A company has created Elastic Compute Service (ECS) instances in the China (Qingdao) region and deployed enterprise applications on the ECS instances. Due to business growth, employees on business trips need to remotely access the enterprise applications deployed on Alibaba Cloud from iOS devices.

You can create a VPN gateway and then create an IPsec-VPN server on the gateway. This way, the employees can use the built-in VPN software of their iOS devices to connect to the VPN gateway. After a mobile client is connected to the VPN gateway, employees can remotely access the enterprise applications deployed on Alibaba Cloud.

Procedure

Procedure

Step 1: Create a VPN gateway

  1. Log on to the VPN Gateway console.
  2. In the top navigation bar, select the region of the VPC to be associated with the VPN gateway. China (Qingdao) is selected in this example.
  3. On the VPN Gateways page, click Create VPN Gateway.
  4. On the buy page, set the following parameters, click Buy Now, and then complete the payment:
    • Name: Enter a name for the VPN gateway.

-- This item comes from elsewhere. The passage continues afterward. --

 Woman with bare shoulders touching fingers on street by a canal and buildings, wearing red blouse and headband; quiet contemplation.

      The name must be 2 to 128 characters in length, and can contain digits, hyphens (-), and underscores (_). It must start with a letter.

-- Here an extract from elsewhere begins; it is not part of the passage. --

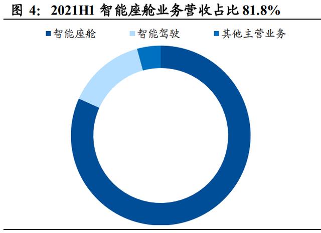 智能座舱业务是公司的基石。1)2021H1 智能座舱业务营收达到 33.38 亿元,占比 81.8%,毛利 8.47 亿元,占比 83.4%。在此期间,公司智能 座舱域控制器、大屏化座舱产品、数字化仪表等座舱产品获得了一汽丰 田、长城汽车、吉利汽车、广汽乘用车、奇瑞汽车、比亚迪等多家主流车企的新项目订单。2)智能驾驶、网联服务板块为公司未来的重要发 力方向,其中智能驾驶业务 2021H1 实现营收 5.71 亿元,占比 14.0%, 毛利 1.09 亿元,占比 10.7%。

    • Region: Select the region where you want to deploy the VPN gateway.

      China (Qingdao) is selected in this example.

    • VPC: Select the VPC to be associated with the VPN gateway.
    • Specify VSwitch: Select whether to specify a vSwitch for the VPN gateway.
      • If you select No, you do not need to specify a vSwitch for the VPN gateway. The system connects the VPN gateway to a random vSwitch in the VPC.
      • If you select Yes, you must specify a vSwitch for the VPN gateway. The system connects the VPN gateway to the specified vSwitch.
    • Peak Bandwidth: Specify the maximum bandwidth for the VPN gateway. The bandwidth is used for data transfer over the Internet.

      In this example, 10 M is selected.

    • Traffic: By default, the VPN gateway uses the pay-by-data-transfer metering method. For more information, see Pay-as-you-go.
    • IPsec-VPN: Enable or disable the IPsec-VPN feature. After you enable this feature, you can establish connections between data centers and VPCs.

      Disable is selected in this example.

    • SSL-VPN: Enable or disable the SSL-VPN feature. The SSL-VPN feature allows you to connect to a VPC from a device anywhere.

      The SSL-VPN feature must be enabled before you can use the built-in VPN software of a mobile device to establish a connection with the VPN gateway. Enabled is selected in this example.

    • SSL connections: Select the maximum number of clients that can be connected to the VPN gateway at the same time.
      5 is selected in this example.
      Note The number of SSL connections specified in this parameter includes both SSL-VPN and IPsec-VPN connections. For example, if you set the maximum number of SSL connections to 5 and three SSL clients are connected through SSL-VPN connections, it indicates that you can connect only two mobile clients to the IPsec-VPN server.
    • Duration: By default, the VPN gateway is billed on an hourly basis.
  5. Return to the VPN Gateways page to view the VPN gateway.
    The newly created VPN gateway is in the Preparing state. The VPN gateway enters the Normal state after about 2 minutes. The Normal state indicates that the VPN gateway is initialized and ready for use. The system assigns a public IP address to the VPN gateway. The IP address is used to establish connections between mobile clients and the VPN gateway.
    Note If you want to use an existing VPN gateway instead of a new VPN gateway, make sure that the VPN gateway is updated to the latest version. If the existing VPN gateway does not use the latest version, you cannot use the IPsec-VPN server.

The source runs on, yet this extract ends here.